How to complete this task: Using the data that follows, return exactly the lines from the one that contains "Säljer ett par" through the one that contains "旋蒸类 > 防溅球 >", ends included.

Record extracts:
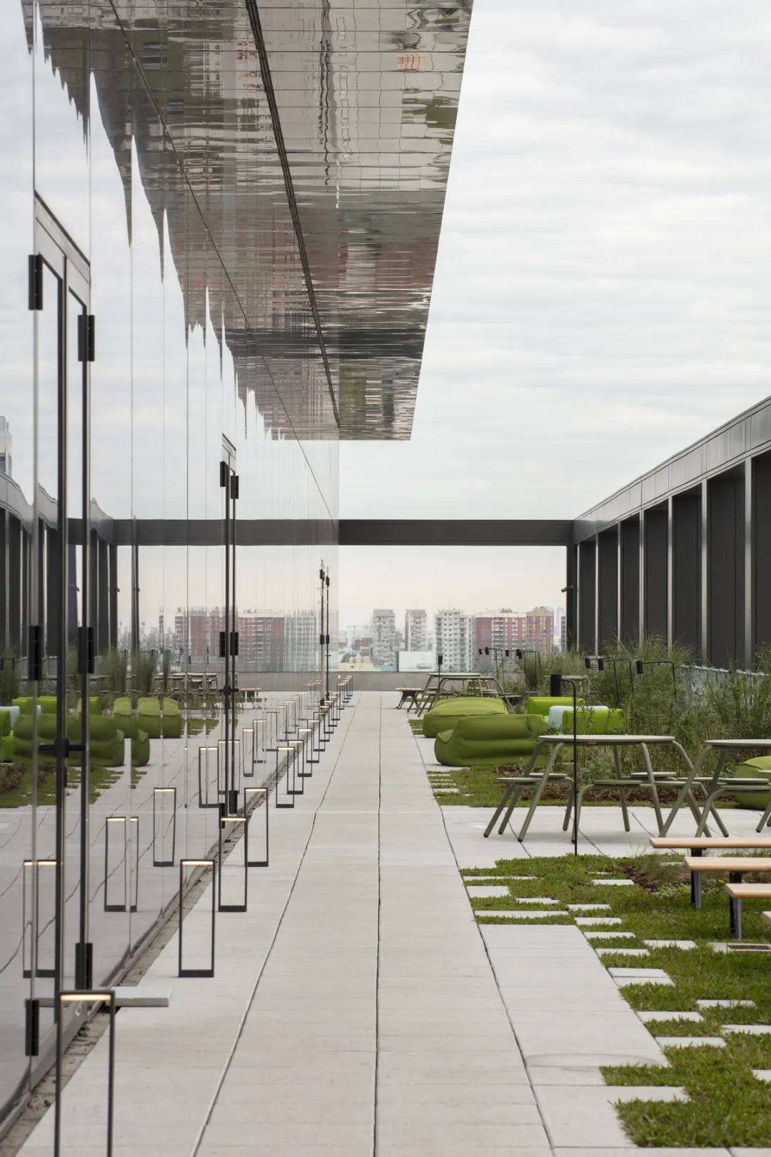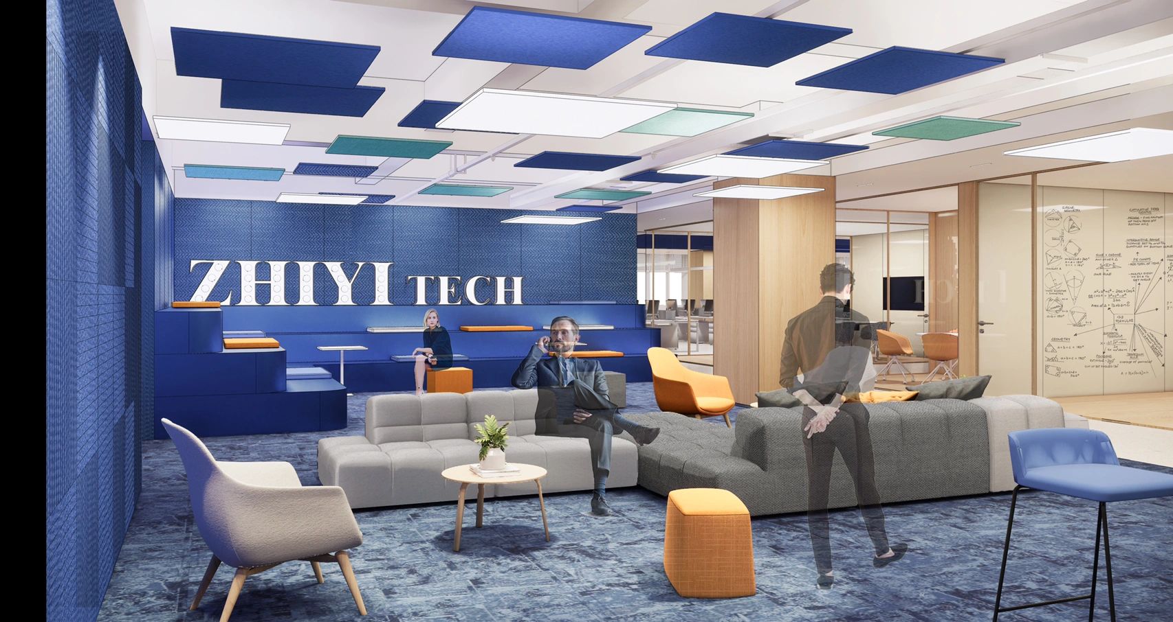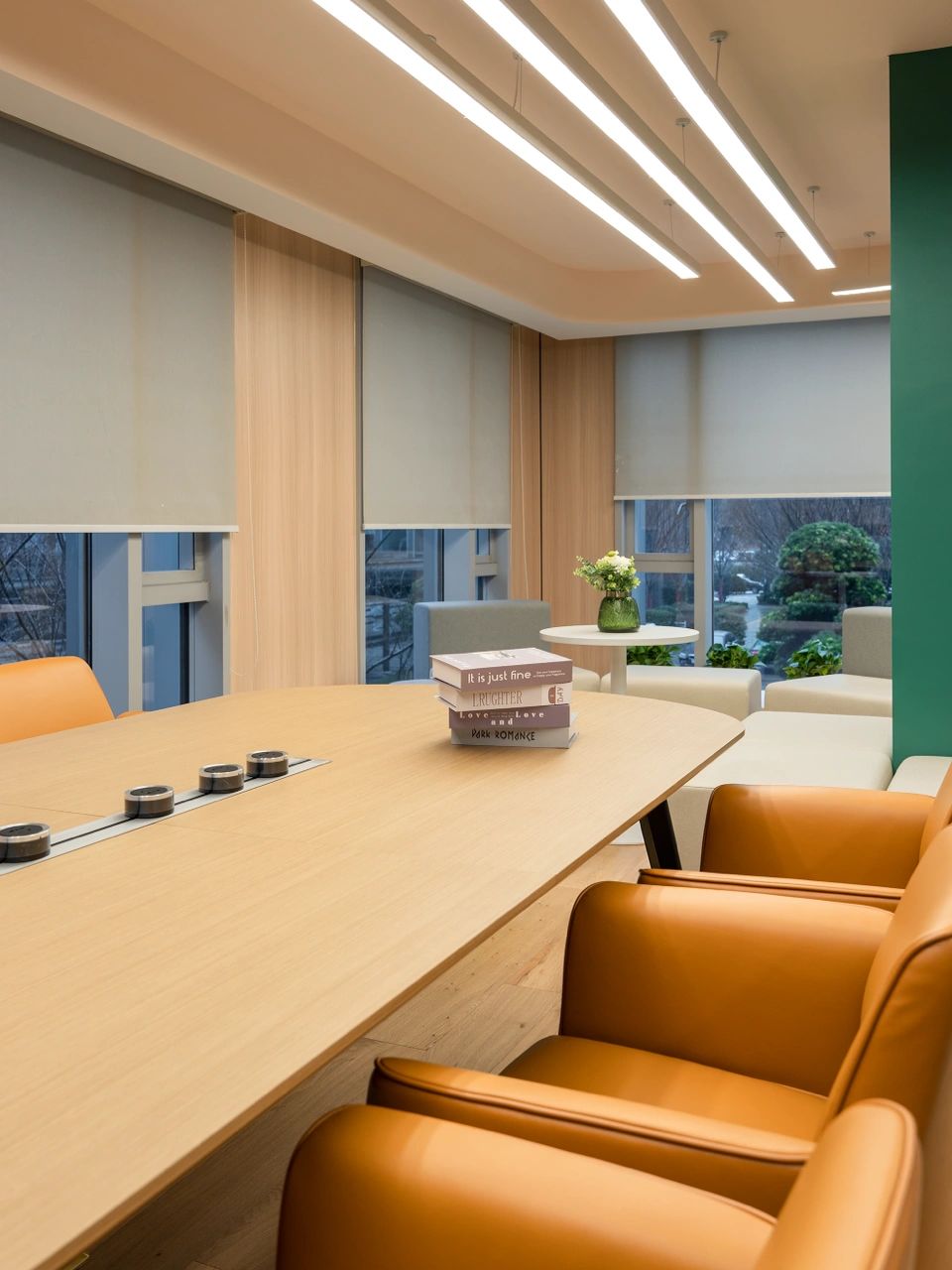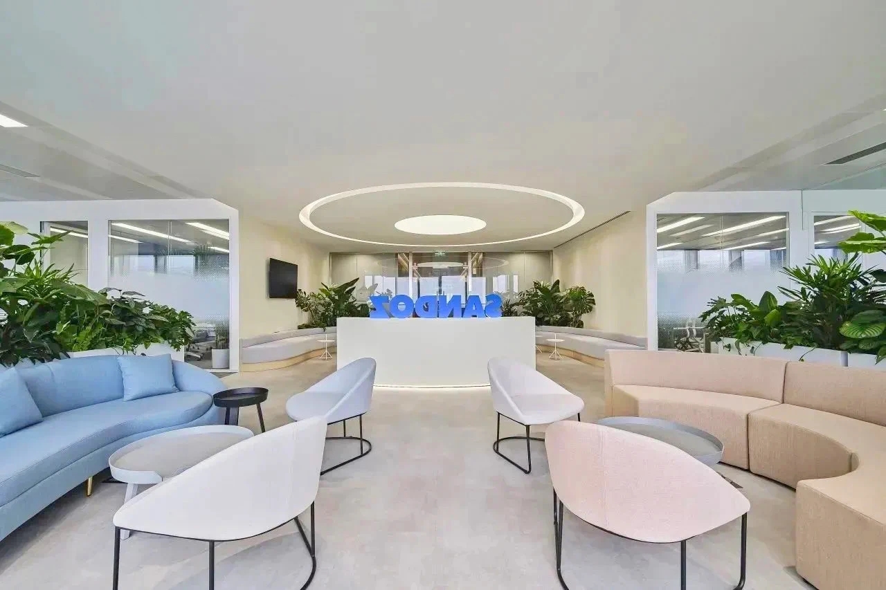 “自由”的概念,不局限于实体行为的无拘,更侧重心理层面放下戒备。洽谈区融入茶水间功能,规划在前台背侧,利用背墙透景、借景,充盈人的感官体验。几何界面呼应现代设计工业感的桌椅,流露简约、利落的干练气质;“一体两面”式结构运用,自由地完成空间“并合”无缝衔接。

---

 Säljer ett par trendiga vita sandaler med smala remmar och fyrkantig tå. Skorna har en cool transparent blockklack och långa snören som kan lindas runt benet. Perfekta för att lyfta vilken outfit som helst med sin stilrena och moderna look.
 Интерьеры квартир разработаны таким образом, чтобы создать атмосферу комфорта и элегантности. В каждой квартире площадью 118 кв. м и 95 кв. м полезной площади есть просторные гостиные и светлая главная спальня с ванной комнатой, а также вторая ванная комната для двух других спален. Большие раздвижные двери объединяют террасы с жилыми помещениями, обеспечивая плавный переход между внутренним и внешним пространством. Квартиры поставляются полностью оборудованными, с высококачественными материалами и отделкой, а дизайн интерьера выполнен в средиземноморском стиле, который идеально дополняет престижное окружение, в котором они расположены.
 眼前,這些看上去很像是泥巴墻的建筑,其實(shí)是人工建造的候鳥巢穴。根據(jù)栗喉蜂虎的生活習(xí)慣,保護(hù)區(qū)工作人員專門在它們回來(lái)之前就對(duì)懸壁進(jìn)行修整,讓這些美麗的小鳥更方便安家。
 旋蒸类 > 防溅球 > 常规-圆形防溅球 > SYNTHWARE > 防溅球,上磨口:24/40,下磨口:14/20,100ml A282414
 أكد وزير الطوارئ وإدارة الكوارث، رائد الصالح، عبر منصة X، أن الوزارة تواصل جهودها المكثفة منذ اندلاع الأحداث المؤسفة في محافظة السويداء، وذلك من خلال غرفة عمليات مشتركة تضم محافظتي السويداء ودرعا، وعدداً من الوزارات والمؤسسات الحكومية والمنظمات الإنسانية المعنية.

Exercise result:
 Säljer ett par trendiga vita sandaler med smala remmar och fyrkantig tå. Skorna har en cool transparent blockklack och långa snören som kan lindas runt benet. Perfekta för att lyfta vilken outfit som helst med sin stilrena och moderna look.
 Интерьеры квартир разработаны таким образом, чтобы создать атмосферу комфорта и элегантности. В каждой квартире площадью 118 кв. м и 95 кв. м полезной площади есть просторные гостиные и светлая главная спальня с ванной комнатой, а также вторая ванная комната для двух других спален. Большие раздвижные двери объединяют террасы с жилыми помещениями, обеспечивая плавный переход между внутренним и внешним пространством. Квартиры поставляются полностью оборудованными, с высококачественными материалами и отделкой, а дизайн интерьера выполнен в средиземноморском стиле, который идеально дополняет престижное окружение, в котором они расположены.
 眼前,這些看上去很像是泥巴墻的建筑,其實(shí)是人工建造的候鳥巢穴。根據(jù)栗喉蜂虎的生活習(xí)慣,保護(hù)區(qū)工作人員專門在它們回來(lái)之前就對(duì)懸壁進(jìn)行修整,讓這些美麗的小鳥更方便安家。
 旋蒸类 > 防溅球 > 常规-圆形防溅球 > SYNTHWARE > 防溅球,上磨口:24/40,下磨口:14/20,100ml A282414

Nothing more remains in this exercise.